An additional embodiment of a support structure in the form of
bridge 110 is provided having the modular deck 32 and beams 50,
50', 50" of bridge 20 as described herein with an L-shape support
member 111 (FIGS. 11-12). The L-shape support member 111 is a
precast concrete abutment. The support member has a lower ledge 112
disposed generally horizontally and a vertical wall 114 generally
perpendicular to the lower ledge 112. The lower ledge 112 and the
vertical wall 114 form a v-shape configured to receive the modular
structural section 30.
Each of the load pads 105, as previously described, is positioned
with its lower surface 106 in a predetermined location on the lower
ledge 112 of the support member 111 (FIG. 12). Each of the support
beams 50, 50', 50" is positioned with the lower surface 70 of the
flat floor 68 generally above the upper surface 108 of the load pad
105 (FIG. 12).
The modular structural section 30 is positioned with its end 87
generally contacting the vertical wall 114. Thus, the modular
structural section 30 is positioned within the v-shape of the
support member 111 providing stability to the modular section 30
(FIGS. 11-12).
Depending of the span of the bridge or other structure a support
member 111 can be utilized at each end of the modular structural
section 30 or span of the bridge. The upper ledge 115 is preferably
below the level of the wear surface 21 of the deck 32.

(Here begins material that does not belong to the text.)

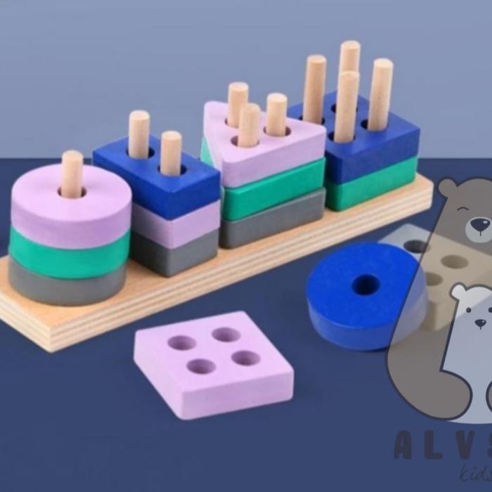 MAINAN EDUKASI ANAK BASIC SHAPE KAYU BALOK GEOMETRI TOYS BENTUK WARNA - GEO BLUE

In bridge 110, The flanges 51, 52 of the beams 50, 50', 50" are
connected with the deck 32 as described herein. The flanges 51, 52
are not in contact with the support member 111 in this
embodiment.
The support member 111, in alternative embodiments, can be formed
of other materials including, but not limited to polymer matrix
composite and other composite materials, wood, steel, and other
materials.
In a still further embodiment, a bridge 140 is provided (FIGS.
15-16). The bridge 140 has the modular structural section 130
described with respect to FIGS. 13-14 and the support member 111
described and illustrated in FIGS. 11-12. Each of the load pads
105, as previously described, is positioned with its lower surface
106 in a predetermined location on the lower ledge 112 of the
support member 111 (FIG. 16). Each of the support beams 150, 150',
150" is positioned with the curved floor 168 generally above the
upper surface 108 of the load pad 105 (FIG. 16).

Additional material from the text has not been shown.